Study | Age | Presentation | History | Diagnostic method | Management |
---|---|---|---|---|---|
Wilson et al. [8] | 19 | Septicemia with shock secondary to UTI; DIC | Meatal stricture | Urine culture | IV Fluids, platelets, cryoprecipitate, FFP, dopamine, mannitol, cefuroxime and gentamicin; Dilation of meatal stricture |
Calvert et al. [9] | 50 | Perinephric abscess | 30 pack-year smoking, 25 units alcohol/week. | Direct microscopy from perinephric abscess pus; Horse-blood agar | IV High dose benzylpenicillin, cefuroxime, metronidazole |
Finkelhor et al. [10] | 37 | Perinephric abscess | Five years after receiving third kidney transplant | Urine culture | IV Ampicillin |
Legrand et al. [4] | 41, male | Pulmonary abscess and empyema | Alcohol abuser | Bronchoscopic aspirate and pleural drainage | Clindamycin and minocycline |
In our patient, G. vaginalis was isolated from bronchoalveolar lavage culture, and was presumed to be contributing to the patient's pneumonia as well as potentially to his pulmonary abscess. It is likely that the pathogen was able to attach to the lung epithelium via its fimbriae similarly to how it attaches to vaginal epithelium. However, it is unclear how the organism was transmitted to the lung, although it is possible that it spread through direct contact. After identifying this pathogen, metronidazole was added to his antibiotic regimen of vancomycin and cefepime.

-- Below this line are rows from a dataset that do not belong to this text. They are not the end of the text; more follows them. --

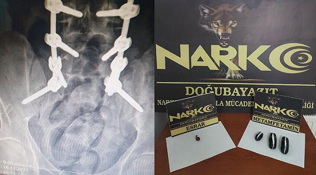 Ağrı Emniyet Müdürlüğü Narkotik Suçlarla Mücadele Şube Müdürlüğü ekipleri, 17 Kasım'da, İran'dan Türkiye'ye giriş yaptığını belirledikleri F.A.'yı Doğubayazıt'ta takibe aldı. Hasankeyf Mahallesi Çevreyolu Bulvarı'nda gözaltına alınan ve Dr. Yaşar Eryılmaz Devlet Hastanesi'nde muayene edilerek röntgen filmi çekilen şüphelinin midesinde, yabancı cisimler tespit edildi. F.A.'ya ilaç verilerek, midesindeki cisimlerin doğal yollarla çıkarılması sağlandı. Yapılan incelemede çıkan cisimlerin; 3 paket halinde 124,9 gram metamfetamin, 4,65 gram reçine esrar olduğu belirlendi. F.A., 'uyuşturucu veya uyarıcı madde ticareti yapma veya sağlama' suçundan sevk edildiği adliyede çıkarıldığı hakimlikçe tutuklandı.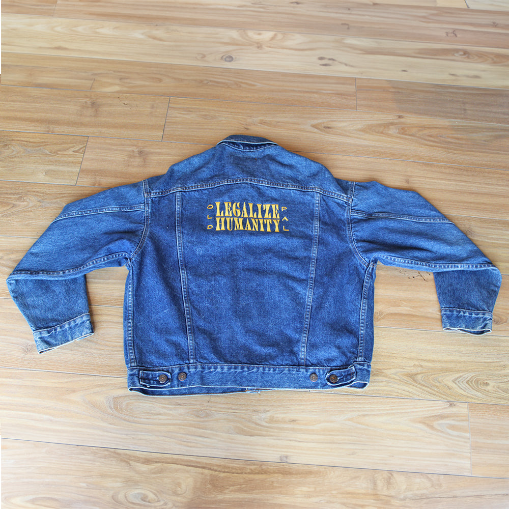 A one-of-one, pre-loved Levi’s denim jacket reworked with intention. Featuring a Legalize Humanity patch on the front and embroidered Old Pal Legalize Humanity on the back, each piece is truly unique with its own worn-in character.
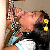 I have often been told about an old man who hangs around outside the supermarket, he has been there for few years. He has got a very cute nineteen year old girlfriend that he rents out for shortime. I have been told she is also a bit into S & M. So I went down there thinking, I have to see this to believe it. Anyway, outside was this aging guy, smoking a rolled up cigarette. I said to him, I need a girl for the night. Yes, he said, and yanked on a dog chain, which was connected to the neck of a very cute girl who was crouching behind the flower boxes. Shit, I thought, this is all a bit weird, even for my experience. I negotiated a price. As I was about to take her back to my apartment, the old man called out, there is one condition, you have to cum in her mouth, and she must not swallow, until she has walked back here to me and I can see it. Okay boss she said. Well that might be weird, and you can see the bloody lot, all on video, where I handcuff and chain her to the bed.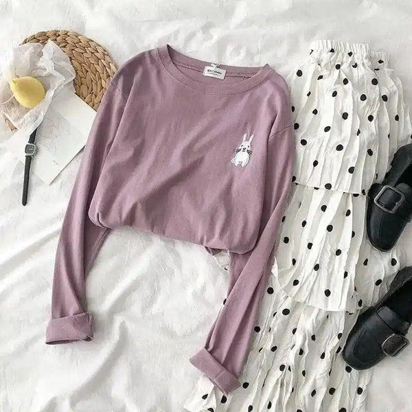 ネットレッドアニマル刺繍ラウンドネックルーズ長袖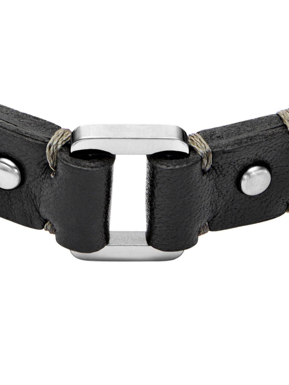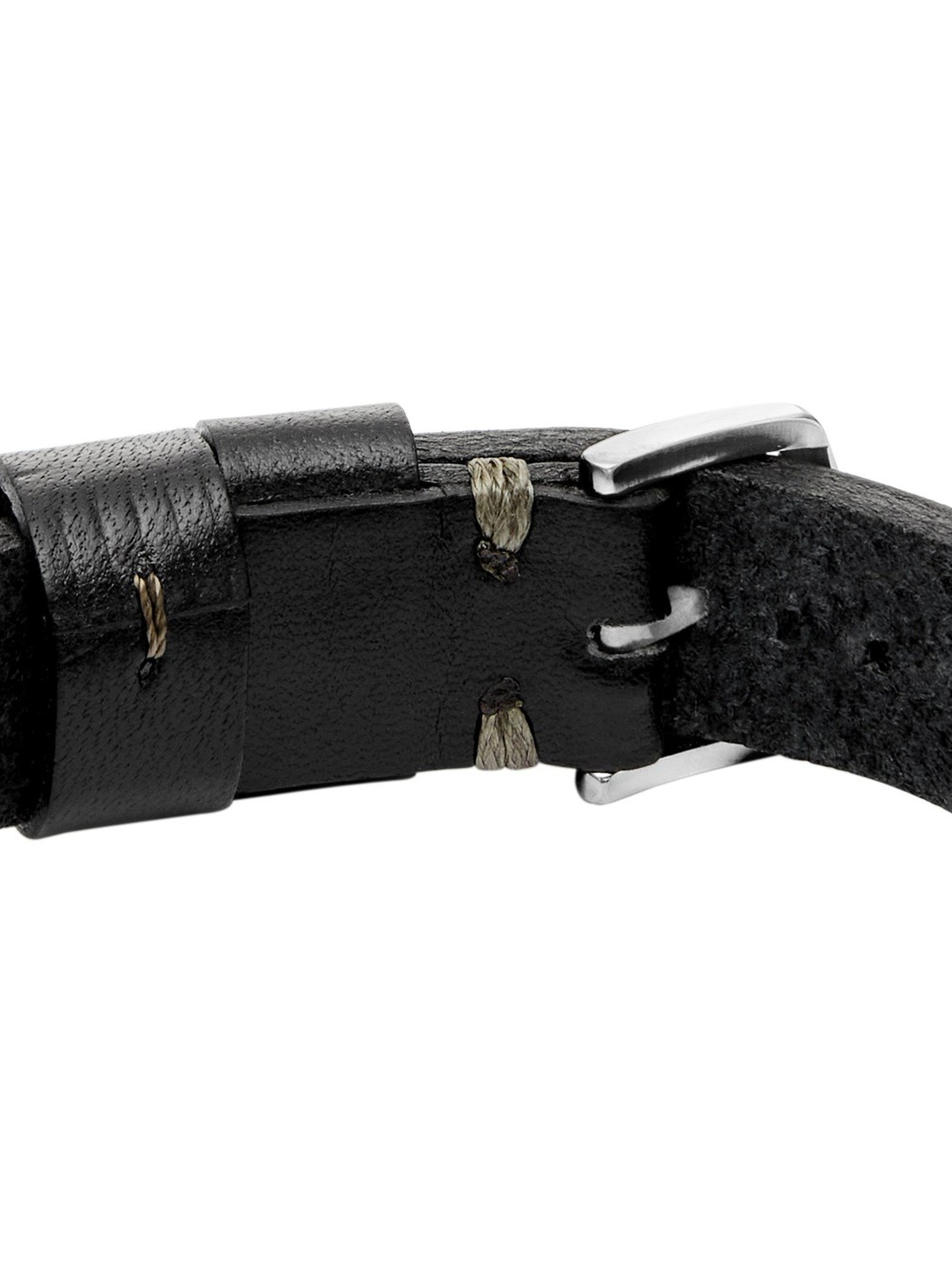 Short Description Inspired by classic American machinery, the Machine collection is rugged and built to last. The black leather strap offers natural texture that develops character over time, and is accented by a stainless steel square ring and collar pin detailing. The adjustable buckle ensures a secure, tailored fit. A true statement in industrial-inspired design.

For unclear reasons, the patient did not show improvement in the first 4 days after metronidazole initiation, but he did quickly improve after day 19 when vancomycin and cefepime were switched to ceftriaxone. Although he was found to have co-infection with H. influenzae, this pathogen was sensitive to the cefepime the patient had been receiving.
4. Conclusion
To our knowledge, this is the second reported case of G. vaginalis isolated from a pulmonary culture and the first in a previously healthy, immunocompetent young male outside of the urinary tract. Our case demonstrates an unusual source of pulmonary infection and highlights the importance of proper microbial isolation to guide treatment.